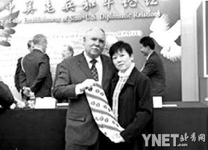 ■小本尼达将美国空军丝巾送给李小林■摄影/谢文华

---

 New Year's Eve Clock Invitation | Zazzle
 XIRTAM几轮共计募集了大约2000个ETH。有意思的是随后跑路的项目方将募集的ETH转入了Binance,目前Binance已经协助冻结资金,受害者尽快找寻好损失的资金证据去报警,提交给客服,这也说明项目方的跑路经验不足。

---

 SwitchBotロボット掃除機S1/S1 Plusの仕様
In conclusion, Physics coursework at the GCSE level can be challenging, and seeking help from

ABOUT THIS TASK:
Only one stretch of the entries above is wanted: the lines from the one containing "SwitchBotロボット掃除機S1/S1 Plusの仕様" through the one containing "In conclusion, Physics". Please reproduce it exactly.

OUTPUT:
 SwitchBotロボット掃除機S1/S1 Plusの仕様
In conclusion, Physics coursework at the GCSE level can be challenging, and seeking help from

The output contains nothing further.